Челси Ярбро - Служитель египетских богов
— Кобры, — мягко поправил монах. — Действительно ядовитые.
— Как ты узнаешь, кто это сделал?
— Не представляю, — признался Гюрзэн.
— Но это необходимо, — с жаром сказала Ласка. — Иначе в доме объявится другая змея.
— Или что-то похуже, — медленно проговорил копт, приводя в порядок мысли. — Вот что, — сказал, кашлянув, он. — Это предупреждение, а не покушение.
Кобру положили в сундук и закрыли. Она не могла уползти. Нам не пришлось гоняться за ней по всему дому. Значит, кому-то хотелось, чтобы ее нашли. — Монах вновь уставился на свои руки. Дрожь в них уже унялась.
— Зачем? — Ласка округлила глаза. — Чтобы потом посмеяться над нами?
— Кому-то очень не нравится мадам де Монталье, — пояснил копт, — и он дает ей это понять. Обычно змей связывают с колдовством. Значит, кто-то недвусмысленно намекает, что наша мадам — колдунья и что об этом уже идет слух.
— Боже милостивый, — прошептала служанка.
Монах между тем продолжал:
— Мадам не закрывает лицо. Мадам все свое время проводит среди развалин, копируя древние, не понятные никому письмена. Она очень молода, но в разговорах затыкает за пояс умудренных жизнью мужчин. Она снабдила доктора снадобьем, побеждающим лихорадку. У нее ни отца, ни мужа, ни брата, и ест она всегда в одиночку. — Перечисляя, он загибал пальцы. — Не удивительно, что кому-то все это кажется подозрительным.
— А ведь она и сейчас на раскопках, — встревожилась Ласка. — Опять рисует и ходит с открытым лицом. Ей следует все это бросить. — Горничная взглянула на копта. — Надо уговорить ее уехать отсюда.
— Думаешь, тебе это удастся? — спросил Гюрзэн. — Она приехала сюда вопреки всему — и вопреки всему здесь останется.

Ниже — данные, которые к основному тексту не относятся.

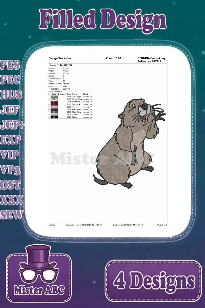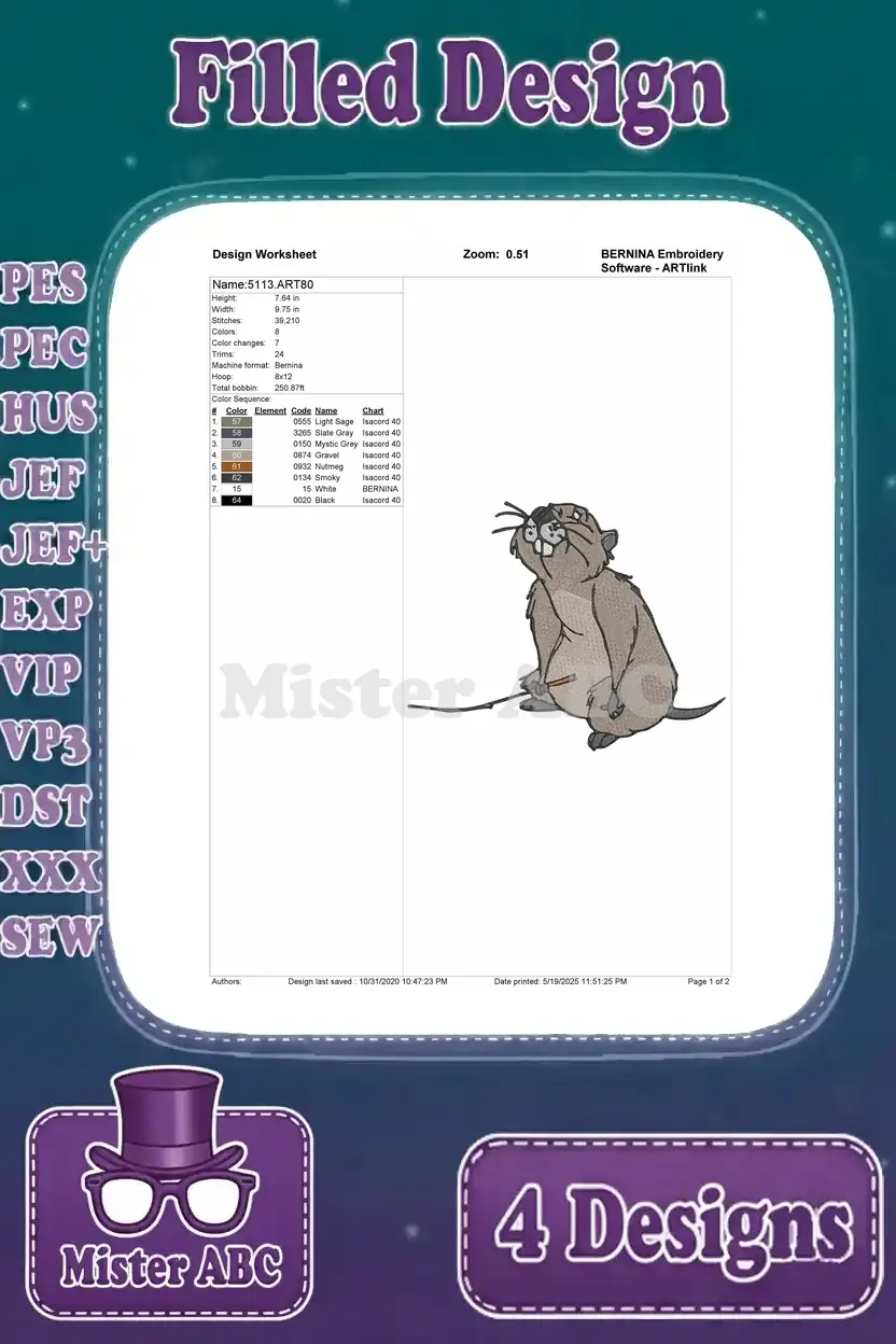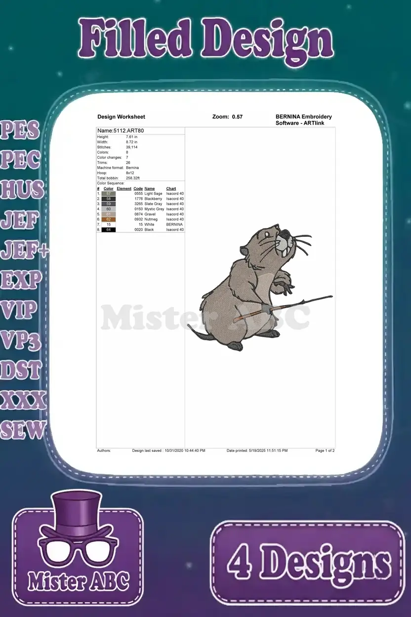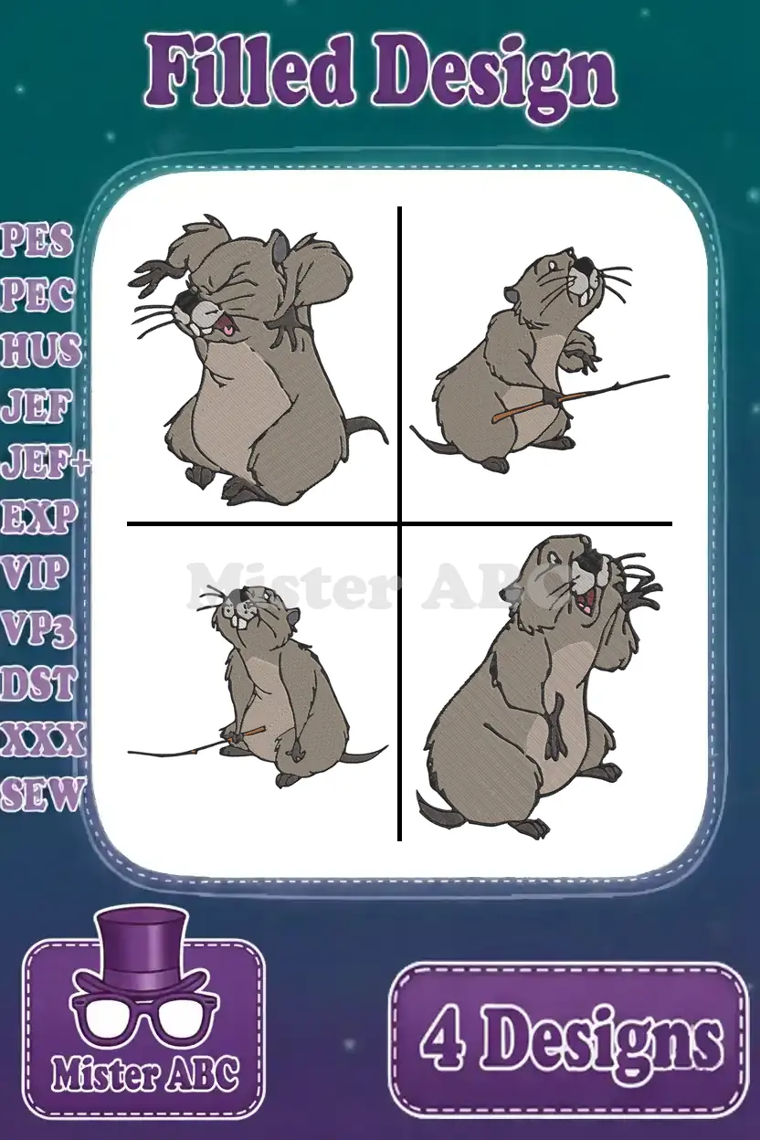 Disney Winnie Pooh Gopher Holding String Directing Conductor Poses Groundhog – Filled Embroidery Design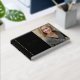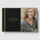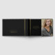 In Loving Memory, Funeral / Celebration of Life photo guestbook, with a simple, minimal, and elegant design with a soft velvety hardcover in an attractive black tone, and real foil stripes, and text details. Choose from three size options and three foil colours: gold, silver, or rose gold. Personalize it with your loved one information on the front and spine and add on the back any message you like.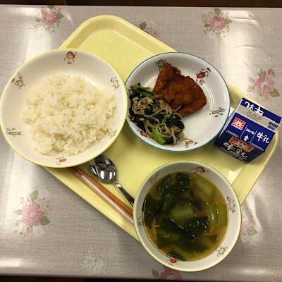 ヤンニョムチキン ナムル わかめスープ ごはん 牛乳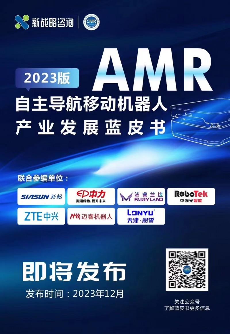 圖表:2022年度激光SLAM&視覺SLAM產品應用占比移動機器人應用所面臨的場景非常多樣,目前的自然導航技術不足以應對所有的情形,隨著未來AMR應用的進一步深入,導航技術仍是移動機器人需要突破的重點。未來,全生命周期SLAM、動態目標濾除、多傳感器融合、語義分割與識別等是移動機器人進一步提升導航能力的主要路徑。在這一過程中,3D導航技術的應用將會不斷增多。3D導航根據其所使用的傳感器的不同,分為3D激光導航跟3D視覺導航。當前,3D激光推廣條件已基本成熟,首先是算法日趨成熟,其次是3D激光雷達成本大幅降低(部分得益于自動駕駛技術的發展),同時機器人控制系統的硬件算力和成本也已具備條件。3D激光的應用有利于機器人自動建立更為詳細的環境模型,系統部署也更為簡單,即使在環境特征稀缺的情況下,也能提供更為豐富的環境信息,有利于穩定的導航,在高動態環境下的魯棒性比2D激光導航更高,同時對地面平整度的要求有所降低。3D視覺導航技術的發展近年也十分迅猛,視覺采集設備成本低,視覺數據信息量大,通過多目攝像頭組合可以獲取三維空間內更大范圍的特征數據,多種不同攝像頭可供采用,技術升級迭代很快,可實現全生命周期SLAM。目前,視覺SLAM技術迅速發展,已成為激光SLAM的一個有力補充。未來,視覺SLAM甚至可能超越激光SLAM,成為自然導航的首選技術。綜合來看,未來AMR機器人的技術的發展趨勢主要體現在以下幾個方面:技術成熟度提升:隨著AMR技術的不斷發展,機器人硬件、軟件以及導航系統等各方面技術都得到了不斷的優化和提升,使得AMR機器人的智能化水平更高,適用范圍更廣。與其他技術融合:AMR技術正在與人工智能、物聯網、云計算等其他技術不斷融合,形成更為強大的智能機器人系統。例如,借助人工智能技術,AMR機器人能夠更好地進行自主決策和智能感知,提高自主導航能力和避障能力。部署成本降低:隨著AMR技術的不斷發展,機器人制造成本也在不斷降低,使得更多的企業和組織能夠接受并部署AMR機器人。同時,越來越多的服務提供商也開始提供AMR機器人的租賃服務,進一步降低了使用成本。應用場景多樣化:隨著AMR技術的不斷成熟和市場需求不斷提升,AMR機器人的應用場景也越來越多樣化。除了傳統的制造、物流領域,AMR機器人也開始進入醫療、農業、餐飲、零售等領域,進一步拓展了應用范圍。在產業鏈整體的協同發展下,當前AMR已經引來了發展的高峰期,未來,隨著技術的不斷發展和市場需求不斷提升,AMR機器人將會在更多領域得到應用和發展。為了更全面的解析當前AMR的應用現狀及未來發展趨勢,2023年12月,在“2023年中國移動機器人(AGV/AMR)產業發展年會上”,CMR產業聯盟聯合行業眾多代表企業,將重磅發布《自主導航移動機器人(AMR)產業發展藍皮書(2023版)》,敬請期待!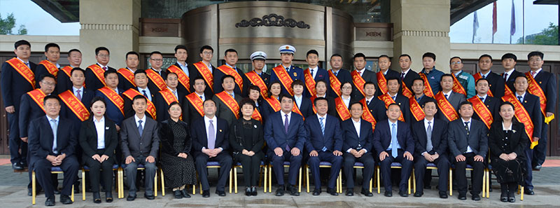 會前,與會領導與受到表彰的人員合影。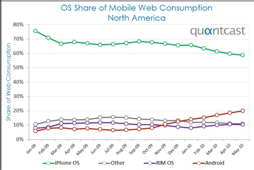 A májusi adatforgalmi kimutatások szerint az Egyesült Államokban az összes mobilos adatforgalom 58,8 százalékát iOS (korábbi nevén iPhone OS) alapú készülékek segítségével bonyolították le, mely, habár kiemelkedően magas, a trend alapján folyamatosan csökkenni látszik. Az Apple készülékei mellé csomagolt adatforgalmi opciók és a kényelmes Safari böngésző komoly áttörést jelentett a mobil adatcsomagok térnyerésében, ám a Google által fejlesztett Android platform hasonlóan kényelmes megoldásai is egyre nagyobb teret kapnak. 2009 októbere óta az Android platform köré épített készülékek mobilok adatforgalma folyamatosan növekedni látszik, mely jelenleg a teljes adatforgalom 20 százalékát teszi ki. Az Egyesült Államokban jelenleg körülbelül azonos mennyiségű iOS és Android OS alapú mobil van forgalomban, ám az utóbbi mellé nem minden esetben kötelező korlátlan adatforgalmi csomagot rendelni, bár a Google online szolgáltatások miatt erre majdnem minden esetben szükség van. A két platform közötti verseny az iPhone 4, HTC EVO 4G és más Android alapú Motorola és HTC modellek piaci bevezetésével egyre kiélezettebbé válik majd, ám várhatóan a nyár végétől a RIM új BlackBerry modelljei is ringbe szállnak majd az új WebKIT alapú böngészővel.

Несмотря на то, что присутствие женщины в экспедиции не нравится многим.
— Надо заставить ее задуматься, как велик риск, — не отступала от своего горничная. — Гадюка в спальне — это не какие-то пересуды. Она могла укусить мадам и убить.
— У мадам много снадобий в сундуках. Ей не страшен яд кобры. — Монах взял со стола маленький колокольчик и коротко позвонил. — Я хочу рассказать все Реннету. Посмотрим, как он себя поведет. — Копт жестом велел Ласке сесть. — Но разговор буду вести я, если ты, конечно, не против.
— Конечно, не против, — фыркнула девушка, усаживаясь на пуф. — Все равно он не стал бы со мной разговаривать. Он не говорит ни с одной женщиной, кроме мадам.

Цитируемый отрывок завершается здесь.